Why Is This Legislation Important?

For practitioners, the Clearing Facilities Regulations are important because they translate high-level statutory objectives—market integrity, systemic stability, and customer protection—into operational requirements that can be audited and enforced. The customer asset regime (segregation, permissible use, investment limits, daily computation, verification and reconciliation) is particularly consequential. These rules are designed to reduce the risk of loss to customers and to improve recoverability and transparency in stress events or insolvency.

The Regulations also matter for governance and supervisory oversight. Requirements for business continuity plans and recovery and resolution plans reflect the Authority’s expectation that clearing houses must be resilient and capable of managing defaults and operational disruptions. The provisions on information provision, transmission and storage of user information, and periodic reporting support ongoing supervision and enable timely regulatory intervention.

Finally, the Regulations have direct commercial and compliance implications: clearing fee regulation, business rule content and amendment controls, and Authority approval for substantial shareholdings and key persons affect how clearing houses structure their operations, governance, and corporate actions. For legal advisers, understanding these provisions is essential for advising on regulatory approvals, compliance programmes, member agreements, default management frameworks, and crisis preparedness.

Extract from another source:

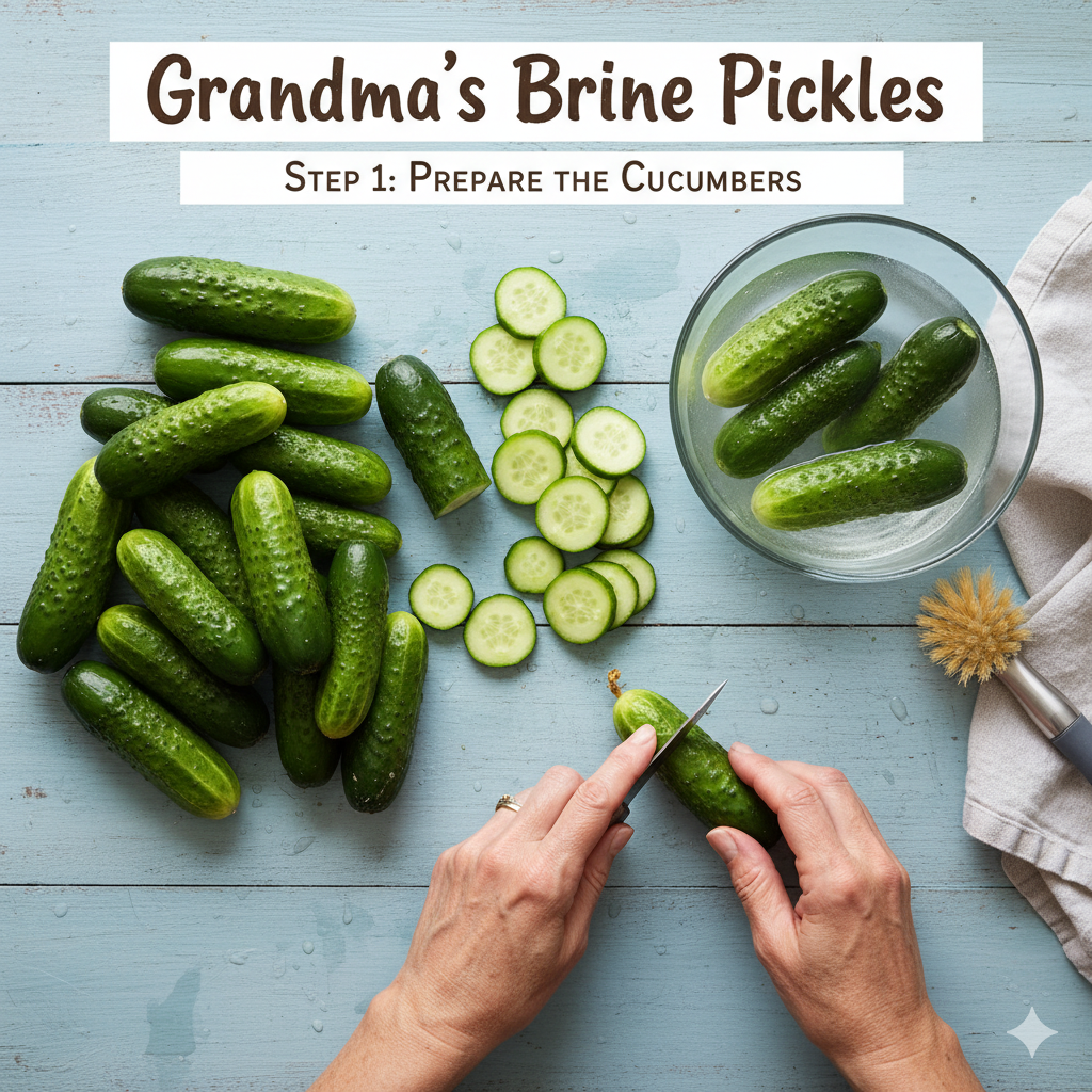Wash cucumbers thoroughly and place 2–3 pounds into the brine.

  • Securities and Futures Act (Cap. 289) (authorising Act; provides the overarching framework and cross-referenced insolvency provisions)
  • Accounting Standards Act 2007 (relevant to definitions of “accounting standards” used in the Regulations)
  • Companies Act (relevant to corporate governance concepts and potentially to how directors and officers are treated in enforcement contexts)
  • Futures Act (historical/related market infrastructure legislation referenced in the metadata context)

Source Documents

This article provides an overview of the Securities and Futures (Clearing Facilities) Regulations 2013 for legal research and educational purposes. It does not constitute legal advice. Readers should consult the official text for authoritative provisions.